# Lexmark x342n Unable to scan or print Legal



## Bigyaw (Feb 15, 2008)

"We have a home user with a new Lexmark X342n printer. it seemed to install OK here and tested fine, but once she got home and tried to print from Word, or even print a test page, so got the an error that the document failed to print. It didn't give any helpful information.
I set up the printer again and this time it printed OK.
Now when she tries to scan, she gets this error: "Error Code: 150 Driver Busy."
We uninstalled the printer software from the Control Panel and re-installed, but the same thing happens.
She installed QLink separately as the manual suggested, but when she clicks on it, it tells her that Qlink does not exist.If she opens QLink first then tries to scan, she once again gets the 150 Driver busy error.
It also refuses to recognize the legal size paper in the Manual feed tray.
Can anyone help?:4-dontkno


----------



## kumar01 (Jul 27, 2009)

Hi

Error 150 is a registry error and regcure generally fixes this problem.
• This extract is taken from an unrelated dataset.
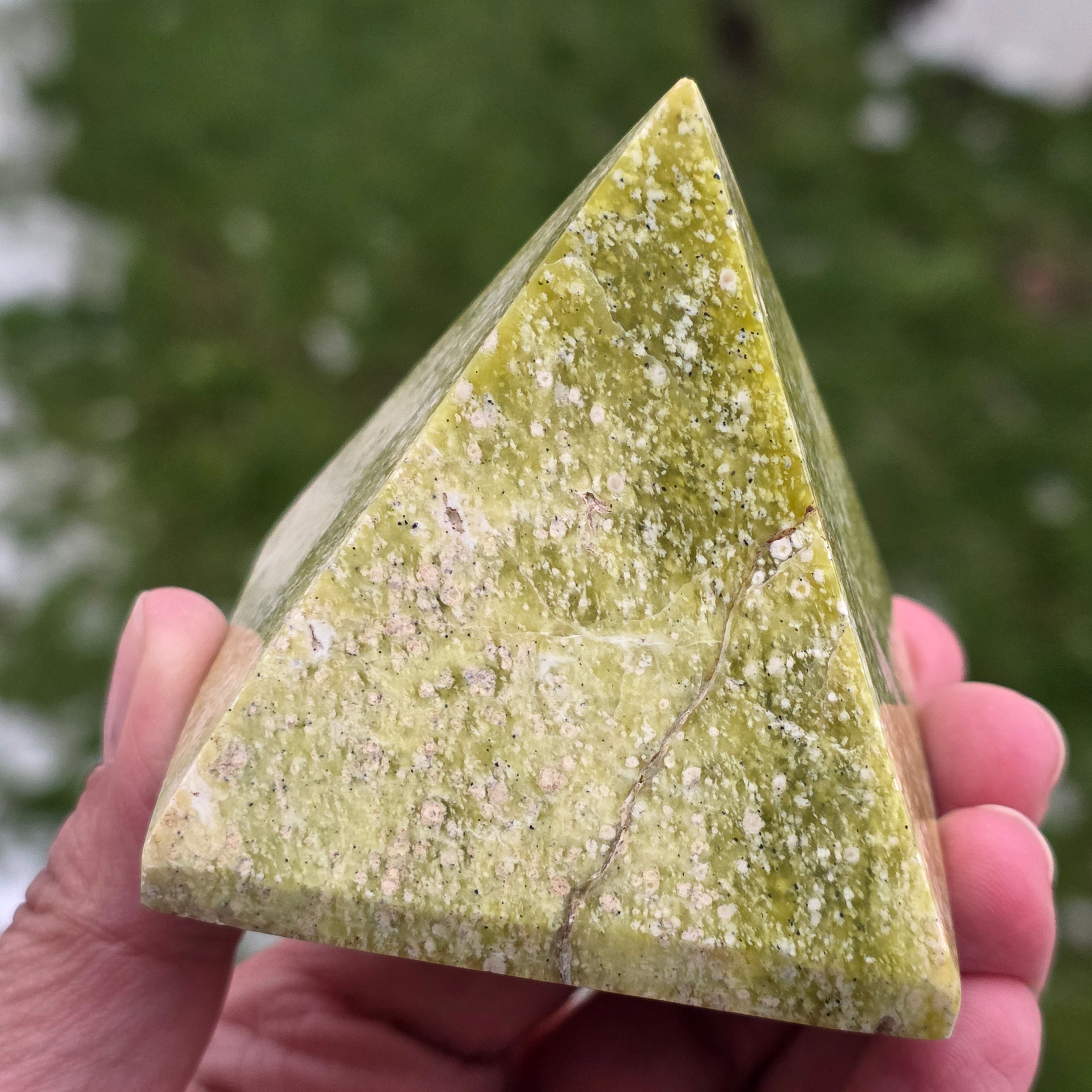 Această piramidă din serpentin galben natural este o piesă luminoasă și echilibrantă, potrivită pentru spații de meditație, birou sau zone dedicate regenerării interioare. Serpentinul galben este asociat cu revitalizarea energiei, claritatea mentală și susținerea proceselor de echilibrare emoțională. Forma de piramidă ajută la concentrarea și stabilizarea energiei, transformând această piesă într-un punct de susținere subtilă pentru focus, armonie și reconectare.

The scanner should work fine thereafter


----------



## Riskyone101 (Oct 22, 2008)

Hello and Welcome to TSF,

1. Disconnect printer and turn it off from pc
2. Go to add/remove in control panel and remove any and all driver and software
3. clean disc and temp folders
4. Reboot pc

Go here for driver and software:
http://downloads.lexmark.com/perl/downloads/downloads.cgi

Download all 4 downloads here.

1. Plug in power cord to printer and trun it on
2. Install driver and software
3. Connect USB cable when told to by installation
4. reboot pc
5. Install the 3 remaining installations
6. reboot pc
7. Your done

Note: DO not use any registry cleaning programs as this CAN lead to other problems as well or make it worse.


----------